How to complete this task -
Without the pictures, give the listing below again exactly.

Raw data Block Start

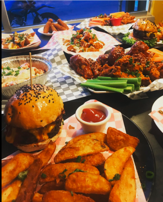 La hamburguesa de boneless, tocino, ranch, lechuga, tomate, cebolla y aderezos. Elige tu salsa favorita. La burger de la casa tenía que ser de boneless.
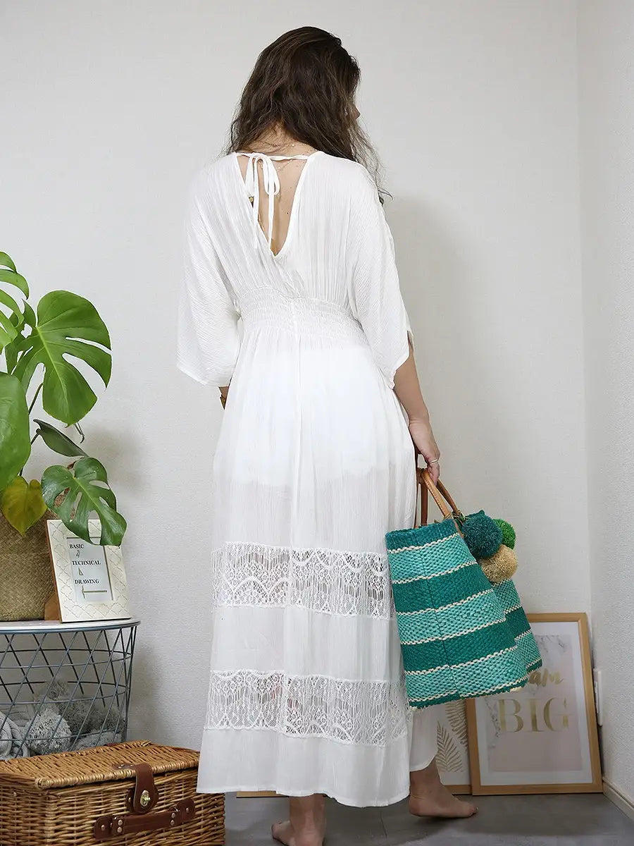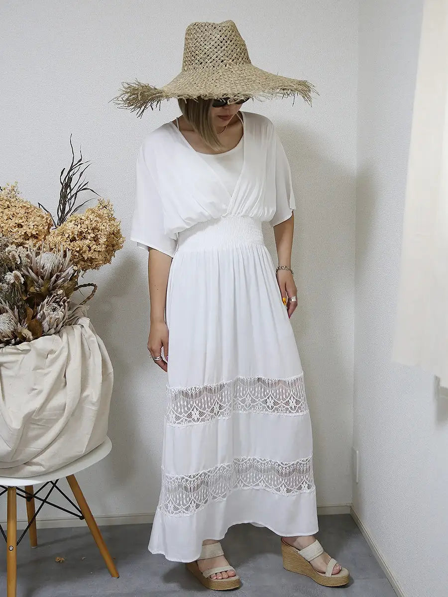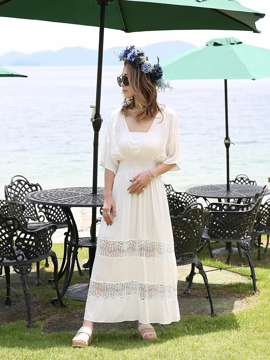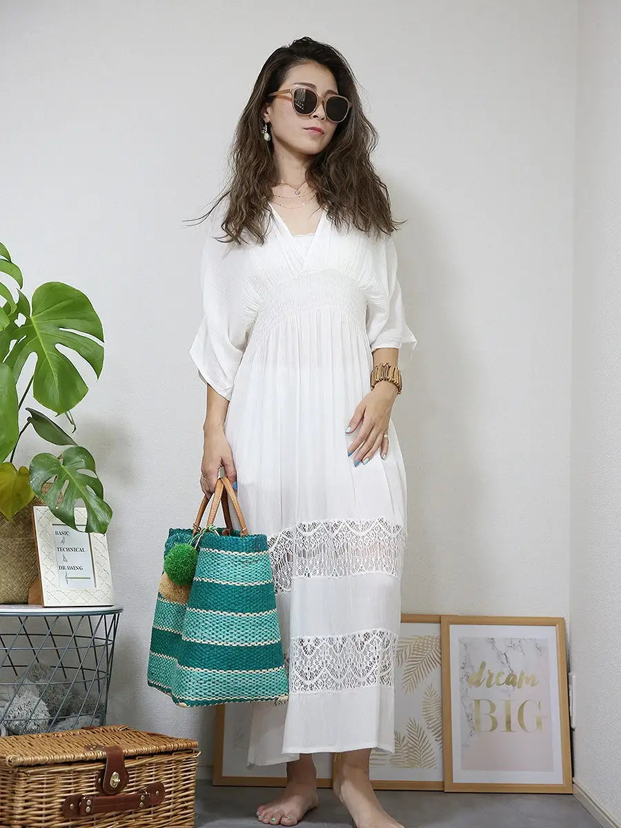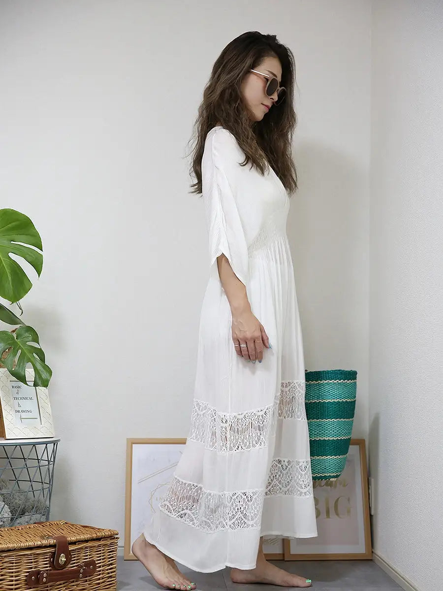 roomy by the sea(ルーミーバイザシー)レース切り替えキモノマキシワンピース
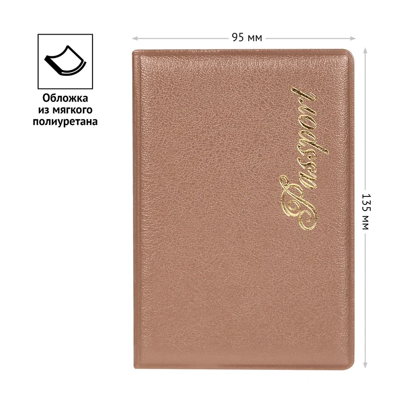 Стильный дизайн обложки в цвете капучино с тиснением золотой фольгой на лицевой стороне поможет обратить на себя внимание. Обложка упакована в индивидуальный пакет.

Raw data Block End

Solution -
 La hamburguesa de boneless, tocino, ranch, lechuga, tomate, cebolla y aderezos. Elige tu salsa favorita. La burger de la casa tenía que ser de boneless.
 roomy by the sea(ルーミーバイザシー)レース切り替えキモノマキシワンピース
 Стильный дизайн обложки в цвете капучино с тиснением золотой фольгой на лицевой стороне поможет обратить на себя внимание. Обложка упакована в индивидуальный пакет.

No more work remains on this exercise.